I wasn’t clear in bringing up the California judge, which is my fault. Criticizing the Pennsylvania legislators for trying to remove the judges because they disagree with the ruling while also calling for the California life to be recalled is inconsistent. I don’t understand the significance of your full electorate point, but there’s a big difference between this and impeaching SCOTUS justices over Citizens United – the Pennsylvania justices are designed to be accountable to the voters, as they are elected and must run for reelection
Jason,
How many elected officials called for the Cali judge to be recalled? People were outraged by the decision and a small group called for his impeachment. That is very, very different from an entire state party rallying around impeaching judges’ whose decisions they don’t like.
i’m not seeing it laid out in detail in any of the links, so perhaps you could enlighten us as to why the court’s decision warrants impeachment (beyond the fact that the GOP could, theoretically, do it).
the Pennsylvania justices are designed to be accountable to the voters…
Voters, not the legislators. If this were a recall campaign, I would disagree with the political motivations, but would agree that this was a sound potential remedy. Impeachment is different. Impeachment in PA–and damn near everywhere else, as far as I can tell–has always been limited to gross misconduct or worse, not legal or political disagreements. Courts including the Supreme Court are often accused of “legislating from the bench,” but his has never been used as the grounds for impeachment. Impeachment should not be used as a legislative bypass of the judiciary. Only in our current hyper-partisan environment would this be considered even remotely appropriate.
Scott Pruitt is still a slimebag.
Am I the only one getting an error message instead of the Cape Town article?
This should be working now.
“If this were a recall campaign, I would disagree with the political motivations, but would agree that this was a sound potential remedy.”
FWIW, there is no provision in Pennsylvania law for recall elections. Impeachment is the only alternative to waiting until the next time the justices are up for reelection, and since PA Supreme Court justices are elected to 10 year terms that can be a long time.

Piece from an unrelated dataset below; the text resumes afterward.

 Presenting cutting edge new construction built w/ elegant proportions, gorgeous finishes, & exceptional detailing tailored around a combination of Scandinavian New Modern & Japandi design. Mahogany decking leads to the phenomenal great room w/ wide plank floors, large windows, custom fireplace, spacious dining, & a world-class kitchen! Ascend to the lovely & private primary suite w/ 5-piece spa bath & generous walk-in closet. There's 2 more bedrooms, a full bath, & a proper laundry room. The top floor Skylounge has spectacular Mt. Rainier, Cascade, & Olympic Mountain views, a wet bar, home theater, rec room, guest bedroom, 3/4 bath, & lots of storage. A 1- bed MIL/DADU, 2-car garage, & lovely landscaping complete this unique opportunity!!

And several states have life tenure similar to the US Supreme Court. In some states, justices are appointed instead of elected. I still believe that impeachment should only be invoked for serious crimes and misconduct, and not as a partisan remedy.
In this case, there’s no evidence that impeachment *is* the will of the people. The entire gerrymandering issue itself revolves around the will of the people not being accurately represented in the legislature. The GOP legislators themselves are conflicted in this – they’re saving their own skins – in contradiction to the court’s ruling that the composition of the legislature itself was flawed.

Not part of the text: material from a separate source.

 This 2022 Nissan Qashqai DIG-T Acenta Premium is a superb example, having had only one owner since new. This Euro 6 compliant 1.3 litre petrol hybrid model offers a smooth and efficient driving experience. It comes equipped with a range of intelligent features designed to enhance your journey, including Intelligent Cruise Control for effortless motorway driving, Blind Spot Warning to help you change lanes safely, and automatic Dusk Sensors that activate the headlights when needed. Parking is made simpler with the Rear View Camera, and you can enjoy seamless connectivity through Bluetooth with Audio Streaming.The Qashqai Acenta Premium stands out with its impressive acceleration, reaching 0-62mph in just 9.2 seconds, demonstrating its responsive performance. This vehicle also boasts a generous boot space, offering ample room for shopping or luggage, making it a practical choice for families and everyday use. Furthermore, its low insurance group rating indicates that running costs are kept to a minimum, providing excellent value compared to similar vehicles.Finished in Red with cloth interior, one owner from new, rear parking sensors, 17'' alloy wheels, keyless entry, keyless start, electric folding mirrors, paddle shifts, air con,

In this case, there’s no evidence that impeachment *is* the will of the people.
A good point, and I would go even further. Because the justices themselves ran in statewide elections, their view more likely represents the “will of the people” than the gerrymandered legislature. But this is moot unless one believes that impeachment is part of the partisan toolbox.
“But this is moot unless one believes that impeachment is part of the partisan toolbox.”
Replace “unless” with “until” and “one” with “the GOP” and “the partisan” with “their” and then add “and no one else’s because then it is a tool of elitist, unAmerican tyranny” and I think we’re getting warm.